The stories behind the tracks that will finally see the light of day for the album's 25th-anniversary rerelease
In late 1986, Michael Jackson was pacing in Westlake Audio's Studio D, singing to himself: "I feel so bad, I feel really bad, God music makes me feel good."
"At the time, we had no idea the name of the album was going to be called Bad," jokes assistant engineer, Russ Ragsdale.
It wasn't the only revelation for the crew at Westlake. It turned out in the interval between Thriller and the official start of the Bad sessions, Jackson had written some 60-70 new songs. Eleven ended up on the official album, leaving numerous great tracks on the cutting room floor in various stages.
Over the past couple of years, under the direction of Jackson's estate, a team has been carefully archiving and digitizing these demos. "Some tracks we found were very early recordings," says Jackson estate co-executor John Branca. "Some were actually so complete that any other artist but Michael Jackson might consider them finished tracks. Still others were in between." Of these, six demos were chosen for Disc 2 of the forthcoming Bad 25 box set (out September 18).
Recently I was given an exclusive listen to these never-before-heard demos. I was struck by how finished and enjoyable they are. These are not mere song fragments. While the production on a couple of them sounds a bit dated, all have great hooks and choruses. What makes them really special, though, is their authenticity. None have been given a modern makeover. What they offer is a more intimate picture of Jackson the recording artist, circa 1985-87. We hear his ideas, his warmth, his pain, his humor, and his energy. The best of the bunch, for me, is the gorgeous mid-tempo ballad, "I'm So Blue," though a case could easily be made for the edgy rhythm tracks, "Price of Fame" and "Al Capone." Each of these six demos (and two others that had been previously released) contains its own unique imprint—and most importantly, all are 100 percent real, unembellished Michael Jackson.
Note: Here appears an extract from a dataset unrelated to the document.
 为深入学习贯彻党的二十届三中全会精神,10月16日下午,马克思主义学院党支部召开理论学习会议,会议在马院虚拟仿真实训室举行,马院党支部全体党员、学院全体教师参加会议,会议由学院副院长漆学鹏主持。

What follows is a track-by-track review with additional insights from recording engineer and longtime Jackson friend, Matt Forger:
"Don't Be Messin' 'Round"
I wrote an in-depth piece on the making of this infectious, Bossa Nova-styled rhythm track back in June when it was released as a B-side to Jackson's No. 1 hit ballad, "I Just Can't Stop Loving You." You can read that piece here. A fan favorite (and a song Jackson worked on many years and for which he had great affection), it is an appropriate opener to this collection. Some day it would be fascinating for listeners to hear the extended cuts (many of Jackson's songs and demos have longer versions which he often reluctantly trimmed down at Quincy Jones's bequest) as well as its later re-incarnations.
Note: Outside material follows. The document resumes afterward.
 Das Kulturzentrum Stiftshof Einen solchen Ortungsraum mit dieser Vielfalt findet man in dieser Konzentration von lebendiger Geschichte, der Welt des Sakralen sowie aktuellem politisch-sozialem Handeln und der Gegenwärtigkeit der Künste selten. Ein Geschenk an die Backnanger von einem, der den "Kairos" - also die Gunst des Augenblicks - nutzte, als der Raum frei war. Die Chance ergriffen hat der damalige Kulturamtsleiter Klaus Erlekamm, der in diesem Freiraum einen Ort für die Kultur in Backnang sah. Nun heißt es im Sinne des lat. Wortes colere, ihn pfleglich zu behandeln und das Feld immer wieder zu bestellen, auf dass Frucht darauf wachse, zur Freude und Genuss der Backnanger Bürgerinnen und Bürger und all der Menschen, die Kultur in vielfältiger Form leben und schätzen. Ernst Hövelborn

Matt Forger:"The thing I love about these demos is the rawness. Michael had the freedom to just get the expression out there without thinking, 'Oh, Quincy is going to be judging the vocal, or it has to be perfect.' It's just Michael going for it, experimenting, having fun."
Jackson wrote, "I have to do it in a way so I don't offend girls who have gotten abortions or bring back guilt trips so it has to be done carefully....I have to really think about it."
"I'm So Blue"
This is a simple but beautiful ballad about singing to keep the blues away. Its languid, wistful feel is augmented by a lush keyboard bed, airy strings and soulful harmonica. It conjures a warm, summer dusk as Jackson narrates a tale of lost love. "I've been singing for so very long," he laments. "Still I'm crying/ Tell me what should I do." The wordless chorus (sha da da da da da da) is a resigned sigh. Like the blues men of old, he takes refuge from his loneliness and sorrow in the music.
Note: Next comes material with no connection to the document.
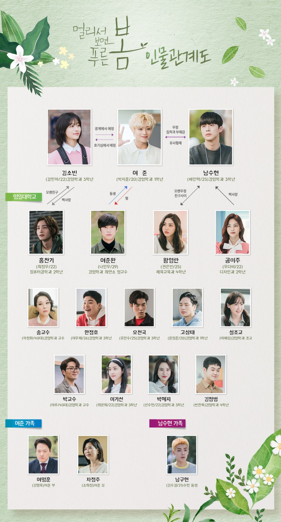 14일 첫 방송 되는 KBS 2TV 새 월화드라마 '멀리서 보면 푸른 봄'(고연수 극본, 김정현 연출)은 멀리서 보아야 봄인, 가까이서 보면 다른 그들의 청춘 이야기다. 캠퍼스 내에서 다채로운 인연을 맺어갈 박지훈(여준 역), 강민아(김소빈 역), 배인혁(남수현 역)의 관계가 첫 방송부터 관심을 끌 예정이다.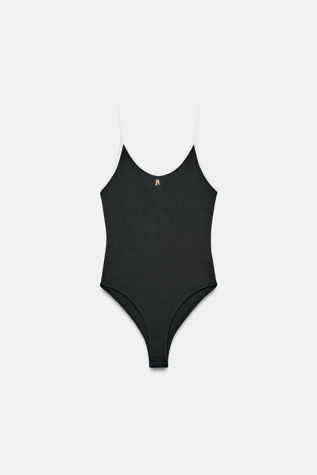 Боди из пряжи со смесовым хлопком. Круглый вырез и тонкие бретели. Металлическая аппликация ZA спереди. Контрастная отделка. Застегивается на кнопки снизу.

Matt Forger: "This was a song Michael worked on with me and Bill Bottrell. It was already mixed from that era. It's a mid-tempo, melancholy, rainy-day-by-the-fireplace kind of song. It's a bit reminiscent of Stevie Wonder—the harmonica, the tonality. Stevie was a big part of Michael's life. It's not unusual that you would see that influence in his work."
Jackson isn't the first recording artist to explore the controversial subject of abortion in song. It has also surfaced in the work of Neil Young, Madonna, Sinead O'Connor, and Lauryn Hill, among others. In "Abortion Papers," Jackson approaches the matter carefully (and ambiguously): rather than presenting a dogmatic political perspective, he personalizes it through the story of a conflicted girl raised in a deeply religious home and her Bible-admonishing father. In his notes for the track, Jackson wrote, "I have to do it in a way so I don't offend girls who have gotten abortions or bring back guilt trips so it has to be done carefully....I have to really think about it." Jackson narrates the track with a strong, passionate vocal. Ironically, the main drawback of the track is its catchiness. It feels a bit strange wanting to dance and sing along to a song about abortion, but that's exactly what the addictive groove inspires. Kudos to Jackson for attempting to tackle a sensitive issue in a thoughtful manner, though it appears even he wasn't quite sure about how it would play to listeners.